Last year, as the pandemic raged in New York City and sirens filled the air, a group of young travel nurses arrived to assist weary long-term care teams. They took over nursing stations that had been depleted due to positive COVID tests and allowed healthy staffers working doubles to get some rest. They gave us hope that after being ignored in the COVID-19 war zone, we were finally getting help.
There may not be sirens blaring outside today, but the need for staff reinforcements is even more dire now.
The current alarm bells are headlines about facilities closing or limiting admissions due to lack of staff, the McKnight’sMood of the Market Survey results showing that directors of nursing and administrators would rather have more employees than more money, an AHCA/NCAL survey indicating that just 1% of nursing homes are fully staffed, and the level of burnout being experienced at all levels of the field.

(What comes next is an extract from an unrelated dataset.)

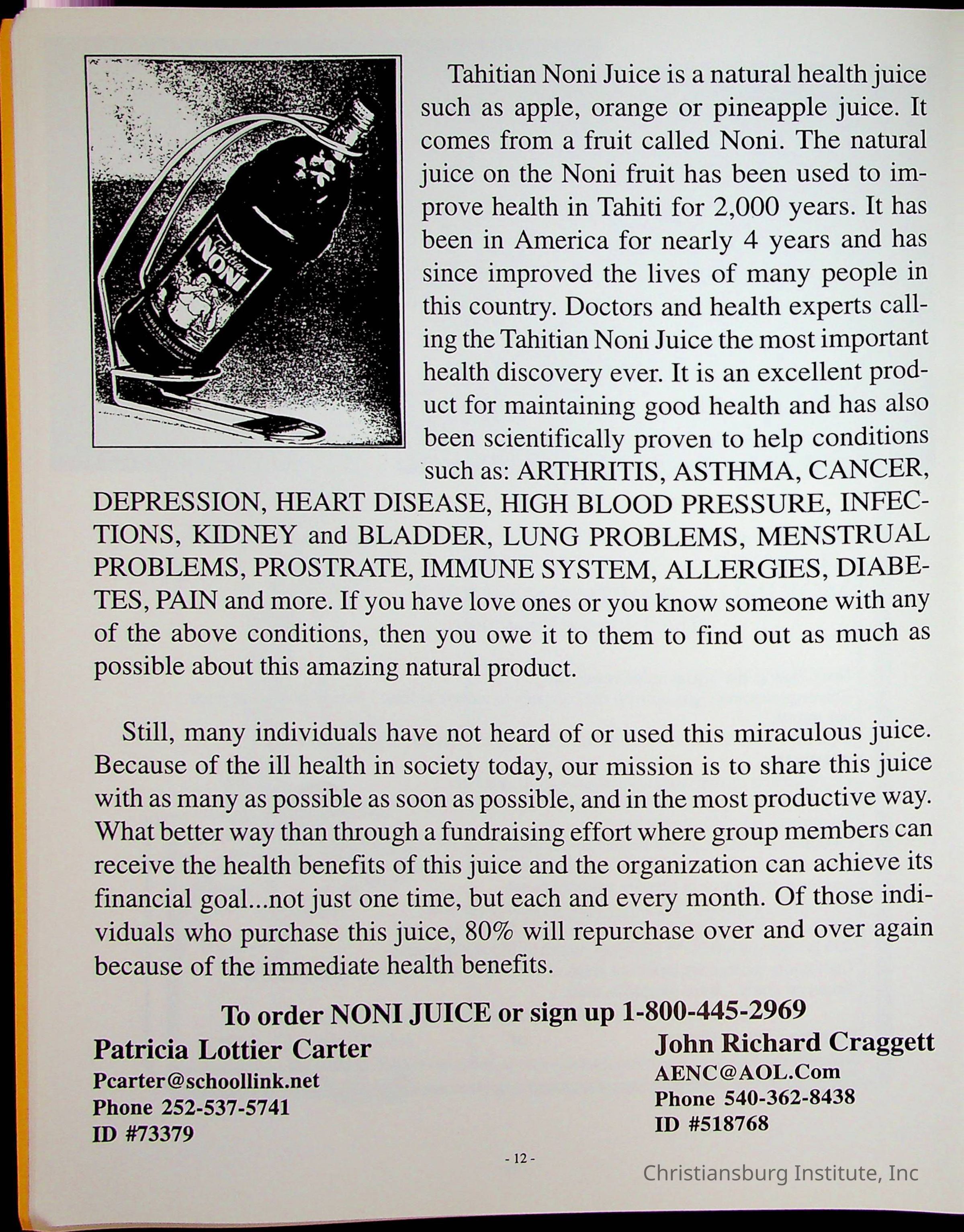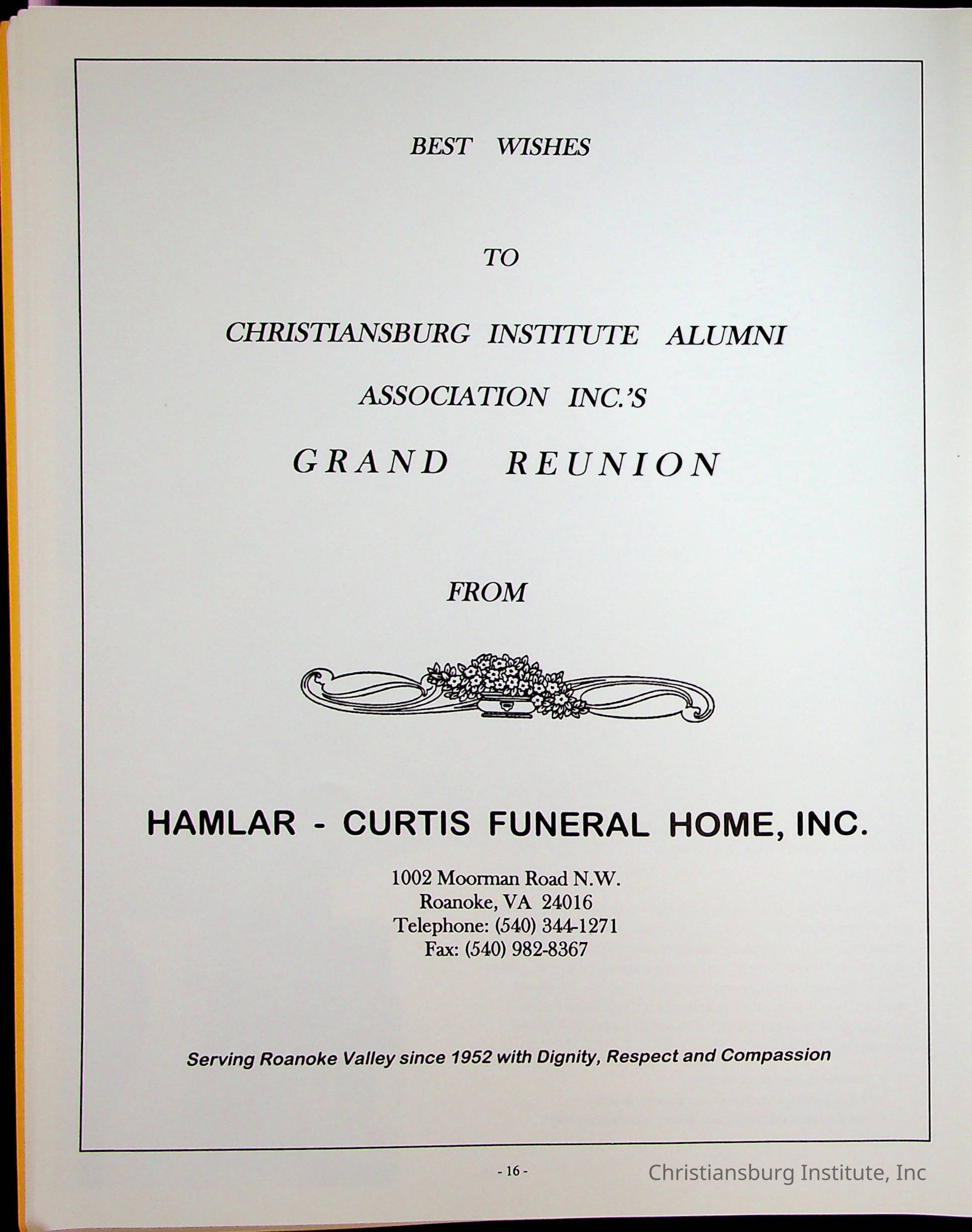 The official program and souvenir book for the Christiansburg Institute Alumni Association reunion that took place on June 29th - July 2nd 2001 at the Best Western Red Lion Inn in Blacksburg, Virginia.

Less visible alarms are the quiet complaints of exhausted workers telling their colleagues that “it’s too much,” the incessant ring of unanswered call bells and the flashing message lights of family phone calls that go unreturned.
The reality of the current short-staffing is probably even worse than the data indicate, due to an increase in acuity of the residents, greater numbers of residents with serious mental health problems and the level of burnout among workers who have been subject to cascading collective trauma due to COVID-19.
Nursing homes need immediate “boots on the ground” to ease the situation, followed by further steps to ensure adequate staffing.
Increasing the number of workers costs money, but there are costs to failing to increase the number of workers.